In my view, the implication is false. In evaluating scholarship, the only thing that should matter is whether it uses sound logic and evidence, and whether it makes an original contribution to the relevant scholarly literature. If the article is original and well-reasoned, it should make no difference that the author wrote it to promote his ideology or to get a judicial appointment, or for any other reason. The article’s contribution to scholarship in its field is independent of the author’s motives. If we can definitively prove that John Stuart Mill wrote On Liberty in order to justify his ideology (which was indeed probably part of his motive), that in no way diminishes the book’s intellectual value. Indeed, its value would not be diminished even if we can prove that Mill secretly believed that the book’s argument was wrong, but pretended otherwise out of some ulterior motive. Similarly, a flawed article should not be evaluated more favorably if the author’s sole object in writing it was disinterested truth-seeking.

In the real world, few works of scholarship are written purely for truth-seeking purposes. At the very least, the writer usually also has the additional motive of advancing his career. No one holds it against a scholar if one of his motives for writing an article was to cater to the interests of other scholars in the field in order to increase his chances of getting tenure. We should take the same approach with scholars who have other non-truthseeking motives. Most writers usually have multiple reasons for producing an article or book. Even if they consciously believe that their sole objective is disinterested truth-seeking, that doesn’t mean that their evaluation of their motives is correct. Few people ever fully understand the reasons why they do what they do.

The above analysis applies to the evaluation of scholarship by academics assessing works in their own field. As experts on the subject, they should be able to evaluate scholarship on the merits without resorting to consideration of motives. Matters are more complicated when nonexperts try to form opinions about the validity of scholarship and its implications for various public policy issues. Nonexperts often don’t have the knowledge needed to evaluate scholarship directly, and therefore must rely on “social validation“. In many instances, they have to take the experts at their word merely because they are experts. For example, I don’t really understand modern physics. So I accept the view that Einstein’s theories are closer to the truth than Isaac Newton’s because that’s what the overwhelming majority of physicists believe.

In situations where a layperson has deferred to expert opinion because of the experts’ superior knowledge, it is rational to show less deference if there is strong evidence the many of the experts in question have non-truthseeking motives for reaching their conclusions, or have manufactured an “expert consensus” by suppressing opposing views within academia.
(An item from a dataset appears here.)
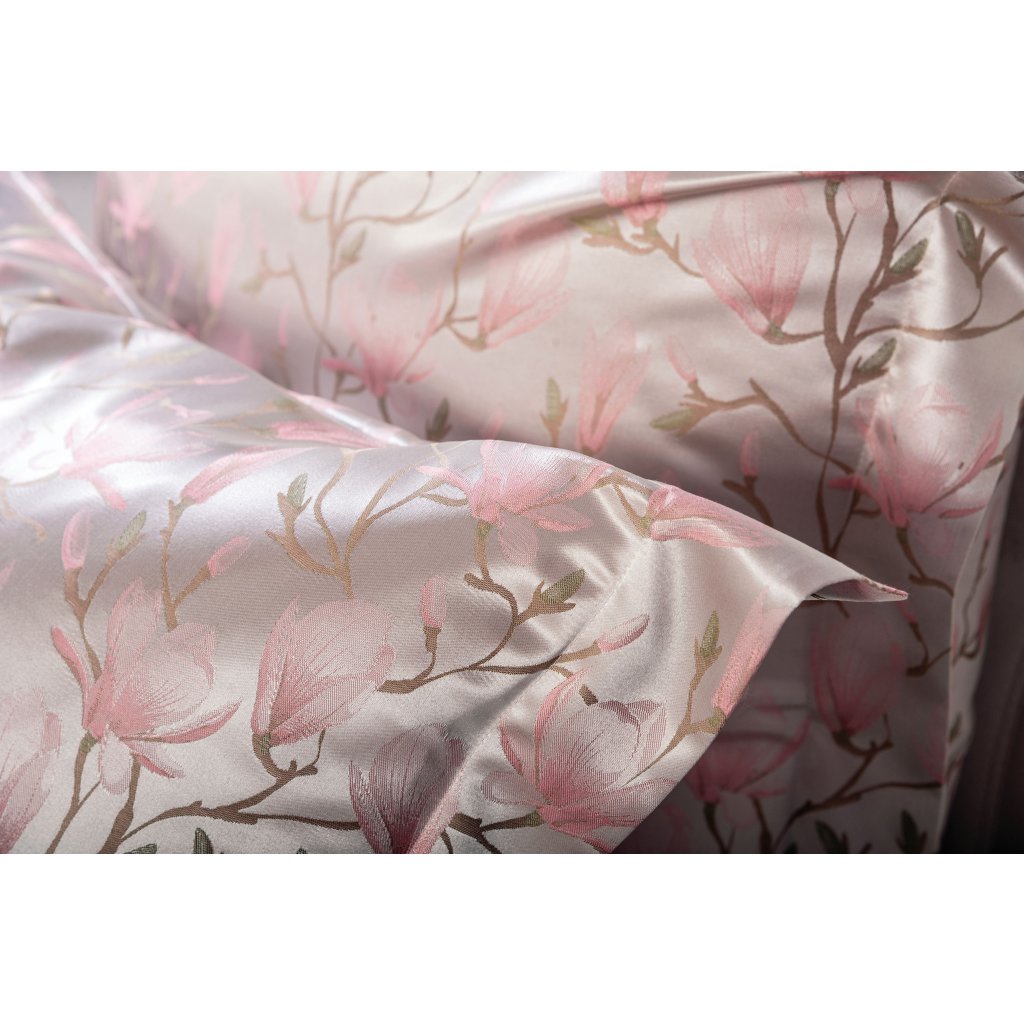Kvetoucí magnólie, které jsou detailem hedvábného povlečení, představují ve vaší ložnici obraz elegance a blízkost přírody. Vícenásobný vzor Jacquard zachycuje krásu přírody a přivádí ji do vašeho osobního prostředí, což určitě dává vaší ložnici teplou a příjemnou atmosféru.

I explained why in more detail here. Even in such a scenario, however, it would be a mistake to discount the experts’ views completely. Truth-seeking may still be part of their motivation, even if it was not the sole motive. Moreover, expert analyses produced for non-truthseeking purposes may still contain valuable insights that laypeople should not simply ignore.

Whatever the difficulties facing laypersons, it is almost never defensible for we academics to evaluate scholarship in our field based on the authors’ real or imagined motives. As experts ourselves, we should be knowledgeable enough to judge the work of fellow experts on the merits, without resorting to speculation about their motives.